Company D (Ranger), 151st Infantry was the sole divisional element (and one of a small number of National Guard units) mobilized for service in the Republic of Vietnam and was one of the most highly decorated units to serve in that conflict.

In 1996, over 7,000 soldiers from the 38th Infantry Division (from Indiana, Ohio, and Michigan) supported the Centennial Olympic Games in Atlanta, Georgia.

In 1996–1997, Echo Battery (Target Acquisition) 139th Field Artillery deployed to Bosnia as part of peacekeeping operations in the former Yugoslavia.

Also in 1998 the 76th Infantry Brigade (Separate) was selected to participate in a training deployment in the summer of 2000 to the Joint Readiness Training Center (JRTC) at Fort Polk, LA. The 38th Division Support Command (DISCOM) supported the JRTC rotation by operating the logistics support area (LSA), while many units within the division provided equipment and manpower to support the 76th Brigade. The equipment deployment from Indiana to JRTC was via river barge, among the largest moves of equipment for Indiana units since World War II.

=== Post 9/11 ===
Since the 11 September 2001 terrorist attacks, the 38th Infantry Division has provided headquarters and forces for a variety of operational rotations including Operation Iraqi Freedom (Iraq), Operation Enduring Freedom (Afghanistan and Cuba), Operation Joint Forge (Bosnia), Operation Joint Guardian (Kosovo), Combined Joint Task Force - Horn of Africa (Djibouti), Multinational Force and Observers (Egypt), United States Air Forces Europe (USAFE) Force Protection (England, Germany, Italy, and Belgium), Operation Noble Eagle (Continental United States) Rotations I through IV, Operation Desert Watch and Operation Desert Spring (Kuwait), and Operation Spartan Shield.

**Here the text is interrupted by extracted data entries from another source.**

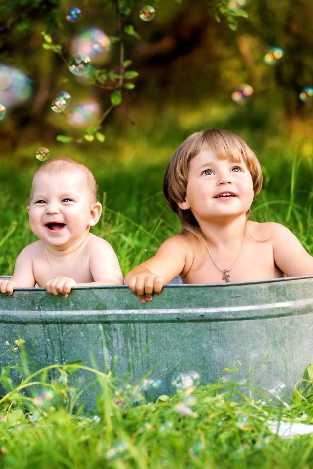 Wallpaper Two small children sit in an iron trough on a green grass
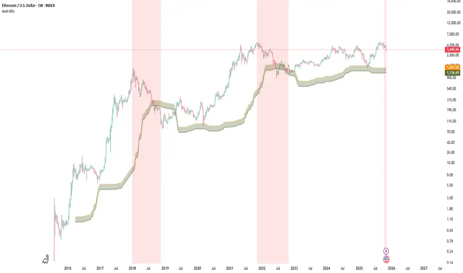 Axel Alts is a higher-timeframe-aware overlay that forms a two-line support band for altcoins using a sticky, threshold-and-step progression. It draws an Upper Support (mid) and a Lower Support (low) derived from evolving local lows, with smoothed transitions and an optional halving-cycle bear-window background.
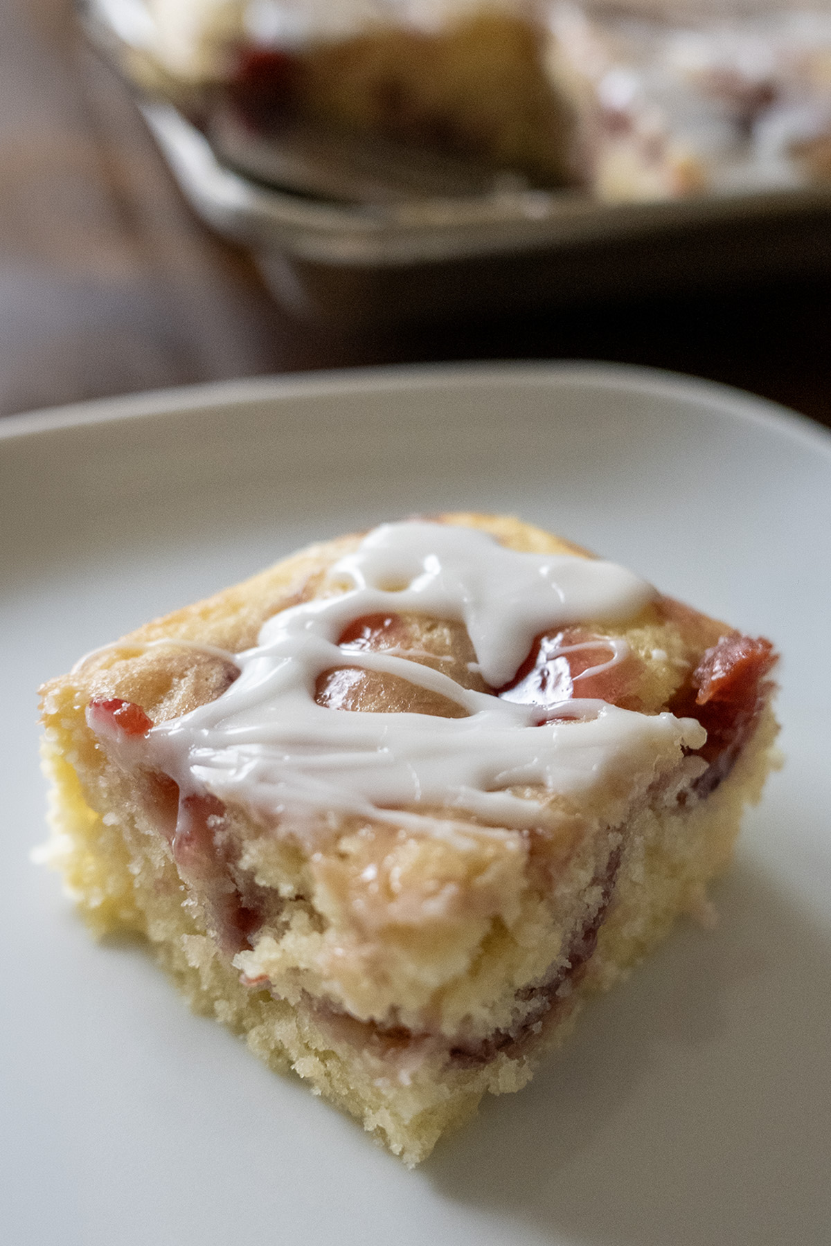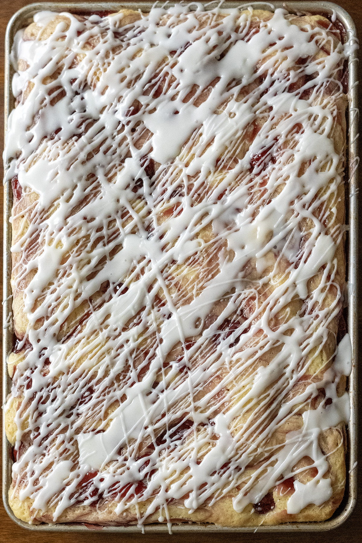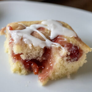 This coffee cake comes from my aunt. We’re not particularly close, but some family recipes are too good to keep to yourself. It bakes up beautifully in a 10×15-inch jelly roll pan, filling it generously with no spillage (but you may be tempted to hold your breath as it puffs up while it bakes). The crumb is moist and rich thanks to the sour cream (or buttermilk), and the pockets of pie filling swirled throughout make every bite fruity and scrumptious. I made the cherry version with an almond glaze, and it’s pure perfection. I’m also itching to develop a lemon blueberry version (and let’s be honest – all the other fruits as well). I’ll update this post with photos and details once I do.
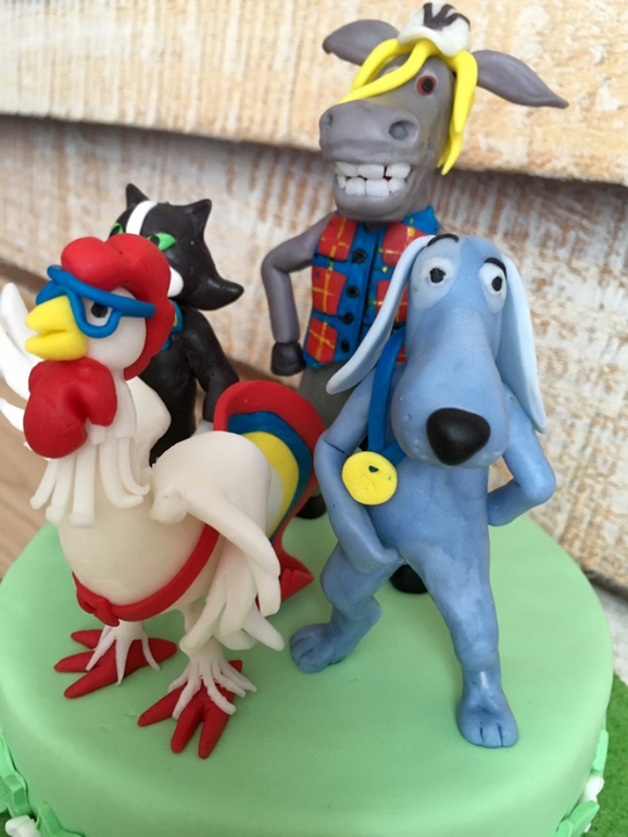 Замечательный тортик! Герои очень похожи) единственное,цвет мастики зеленой я бы сделала больше преближенной к велюру,так как он более теплый зеленый,а цвет мастики холодный
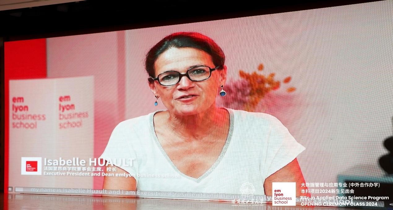 -法国里昂商学院大数据管理与应用专业本科项目(中外合作办学)新生见面会在一校区活动中心201会议室举行,法国里昂商学院校长伊莎贝拉·雨欧通过视频致辞,法国里昂商学院副校长王华、里番
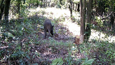 在紅外相機(jī)監(jiān)控中,最活躍的就是野豬了。它們常常成群結(jié)隊(duì)地在山林里撒歡捕食,粗略估計(jì),梧桐山上的野豬不少于50頭,大個(gè)兒的體重估計(jì)有一百多斤。
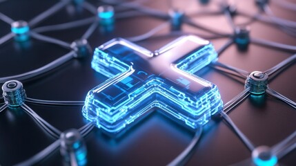 Futuristic Glowing Cross Symbol on Digital Network Background
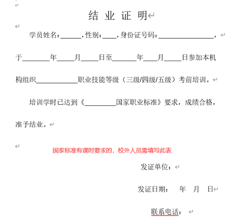 4、结业证书(国家标准中有课时固定的,社会人员需出具培训学时证明,培训学校盖章有效;校内学员培训方案中符合标准规定课时即可)
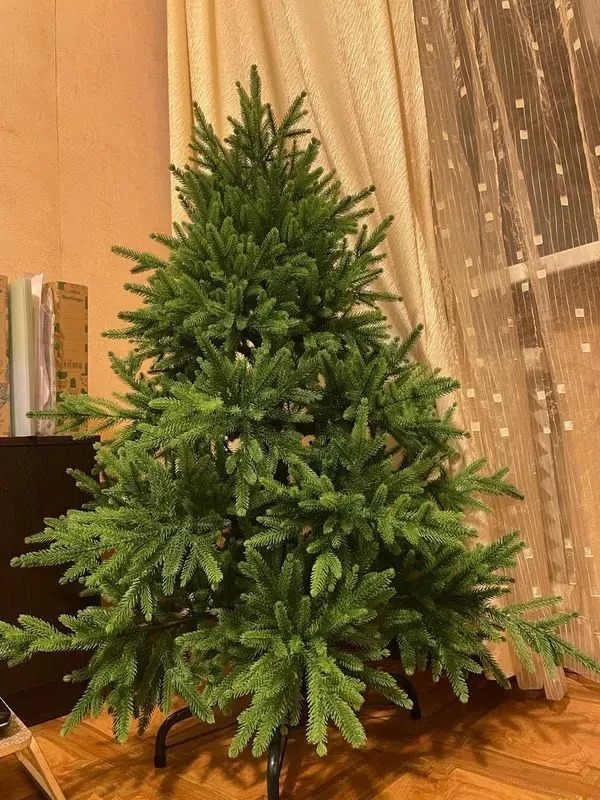 Материал хвои - литая ПЭ, что гарантирует долгий срок службы и сохранение внешнего вида елки. Материал подставки - металл, что обеспечивает устойчивость и надежность конструкции.

=== Hurricane Katrina relief efforts ===
On 29 August 2005, Hurricane Katrina made final landfall in Mississippi, causing tremendous damage which quickly overwhelmed state agencies. The governor of Mississippi appealed to other states for National Guard units to assist in the response. The rapid influx of Guard units from various states, although sorely needed, overwhelmed the Mississippi National Guard's ability to coordinate the military efforts. Accordingly, National Guard Bureau activated the headquarters of the 38th Infantry Division on 30 August to deploy to Mississippi and assist the Mississippi Adjutant General (TAG) with command and control efforts. Commanded by Major General (MG) Gregory Vadnais, the advanced party of the division deployed on 31 August 2005, while the main body departed Indianapolis by convoy on Saturday, 3 September 2005. Organized as Task Force (TF) Cyclone, the Division established command post operations in Gulfport Mississippi, focused on providing local security, road clearance, and delivery of essential humanitarian assistance. By the time TF Cyclone fully assumed mission on 4 September, roughly 7500 Guardsmen were on duty inside Mississippi. Final strength of TF Cyclone peaked at 15,500 on 7 September, with elements of the division engaged in missions until transfer of authority back to Mississippi began on 15 September 2005.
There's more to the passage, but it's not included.